Researchers have found that grocery stores can increase their profits by donating unsold food instead of discounting or discarding it. This practice, known as ‘preemptive removal,’ not only helps feed the hungry but also improves the overall quality of the store’s inventory, leading to higher sales and better margins.

Donate and Profit
The research argues that America’s biggest supermarket chains, such as Kroger, Walmart, and Costco, are already donating vast volumes of food to food banks/pantries. In 2022, $3.5 billion worth of food close to 2 billion pounds were donated by retailers across the United States.

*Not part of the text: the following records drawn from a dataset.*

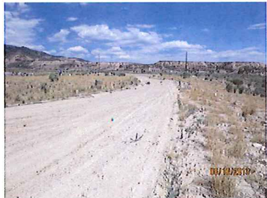
PAD ACCESS LOOKING NORTHEASTERLY

KS2012 WILLIAMS VALLEY Clough 2A Photo Sheet.dwg, 8/16/2013 2:52:41 PM
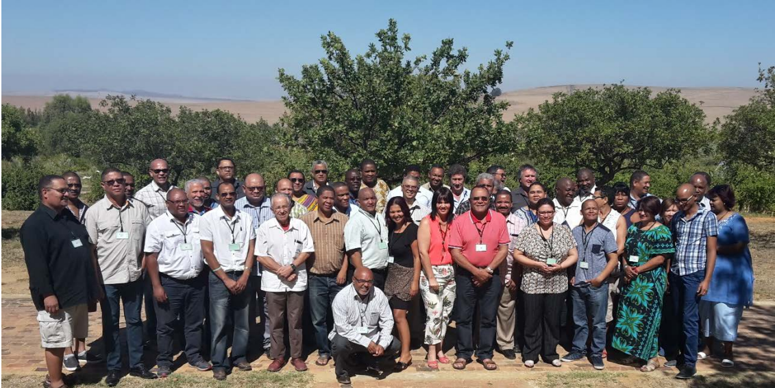
Delegates at Goedgedacht Farm, Malmesbury
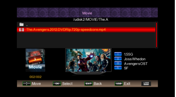
Figure 7.9 MOVIE on USB Media Player

MOVIE: Select MOVIE icon and press OK to enter the USB device. It shows all video files and previews the video that the cursor is on it. It supports formats such as MPG, AVI, VOB, DAT, ASF, MKV, RM, WMV, TSF, and QuickTime (QT).
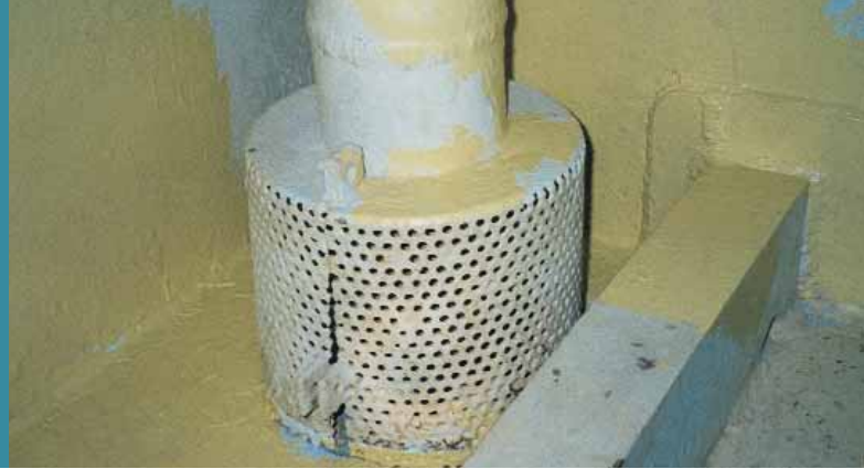
Image: Suction filter
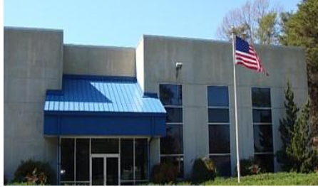
The former 40,000 s.f. Americhem facility.

As a result of the transaction, Trinity anticipates adding sixty new jobs to its existing base of one hundred associates over the next couple of years.
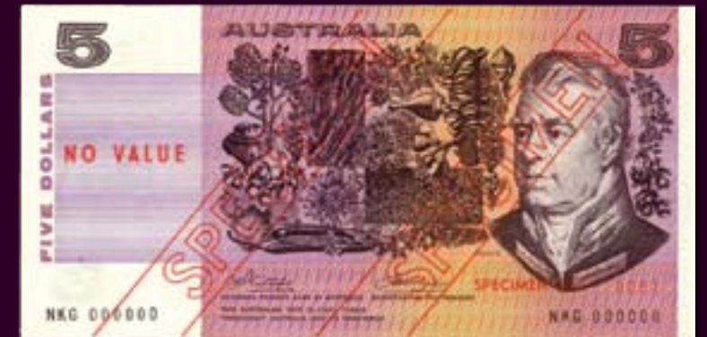
1974 Five Dollar Specimen Note Scarce Type 3 Signed: Phillips Wheeler Cat #: RDS18 Grade: about Uncirculated/Uncirculated Price: $36,000
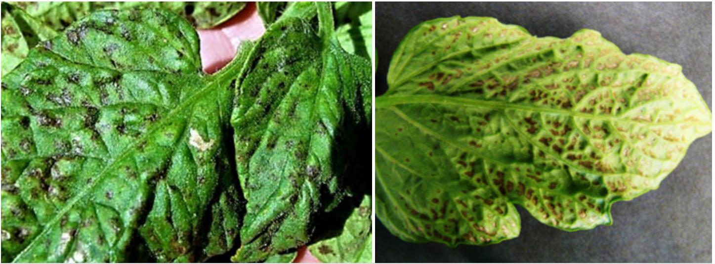
Fig. 3 Ozone damage to tomato leaves
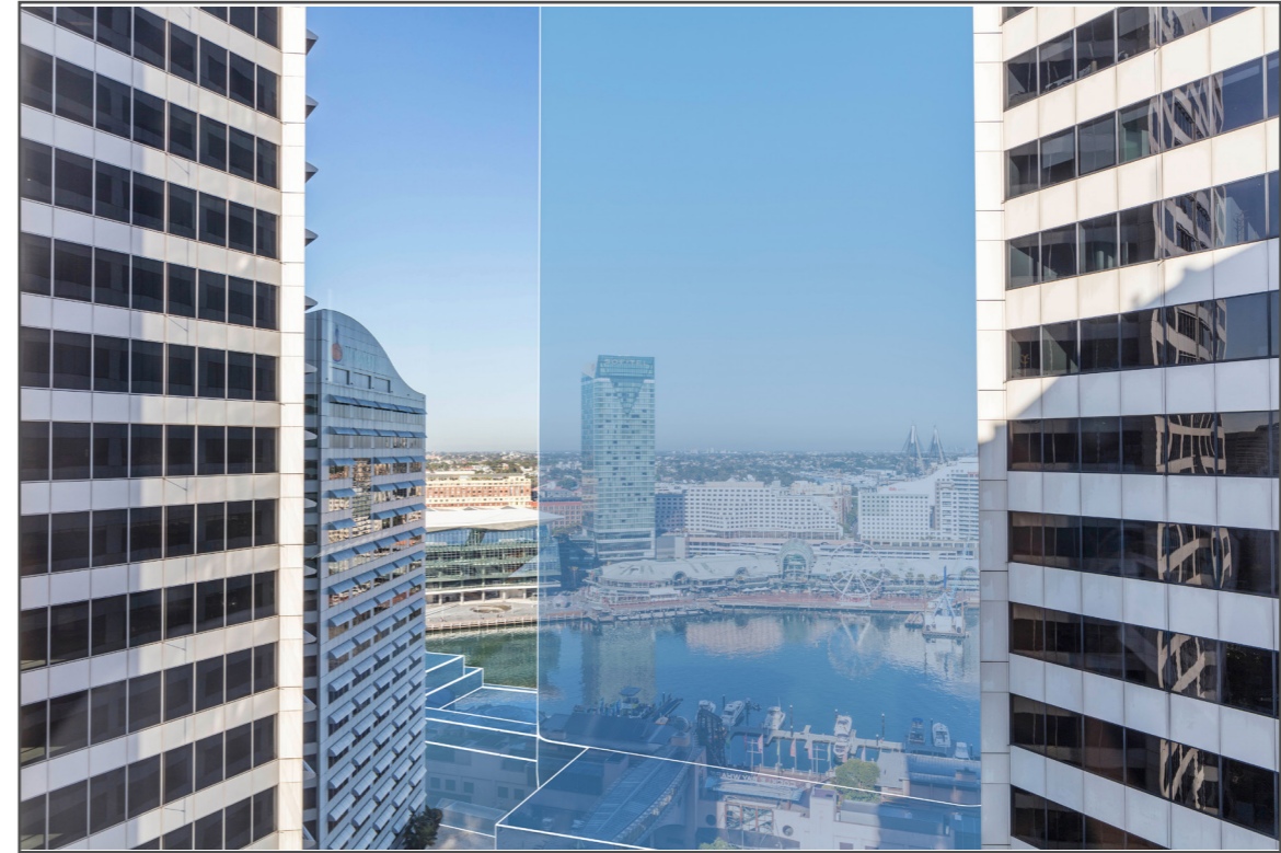
Photograph with proposed building envelope
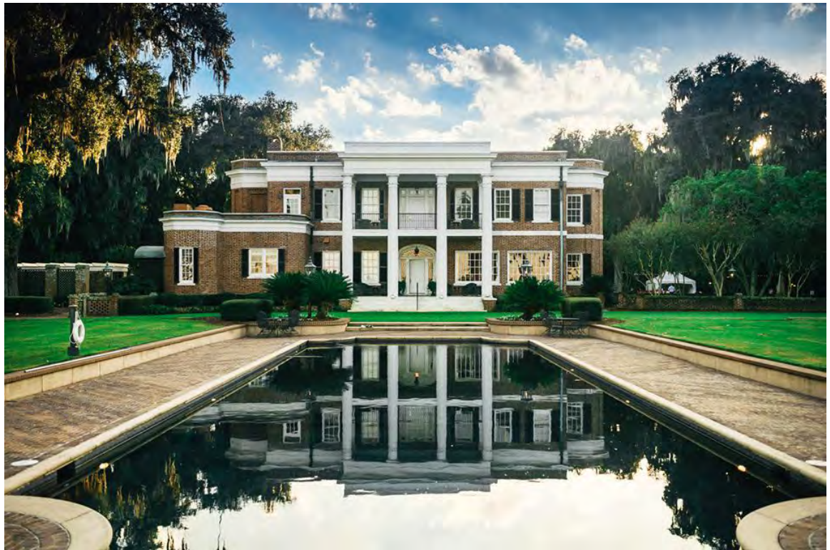
Richmond Hill Ford Residence, Richmond Hill Georgia

The donated food is valued at approximately $2 per pound in 2022. The donations are not only charitable gestures but also enable the companies to obtain tax deductions, reducing their costs and increasing profits. The authors found that there are increasing, marginal benefits to being more aggressive about pulling items at risk of expiry off shelves and using recently vacated space to restock fresh inventory: stores in this category realize revenue from sales and maximize profits.
Well doing the task to enhance Shelf Quality and Customer Point of view
Three things store managers can do with food from their stores before it expires – donate, dispose of, or try to sell at a discount. As a result, not only does it help feed the hungry but also generally raises the quality of the store because you get rid of food that is going to expire soon.
However, if displayed amongst other non-perishable foods and fresh products such as bananas with brown spots this can harm the image of your store. These things can be donated so stores do not have to sell them for a discount, which looks better to the customer overall. The researchers found that when they increase the average quality level of food on display, the average price of food can increase by up to 1%, corresponding to a 33% improvement in profit margins.
Conclusion
Supermarkets that donate unsaleable, soon-to-be-expired food to local food banks can increase sales on their shelves. By discarding items that are about to expire from the shelves, allowing fresher inventory to fill them, and making store sales floors more timeless looking they could drive multiples of margin improvements. Such a ‘win-win’ is possible by marrying corporate social responsibility with innovative supply chain management practices.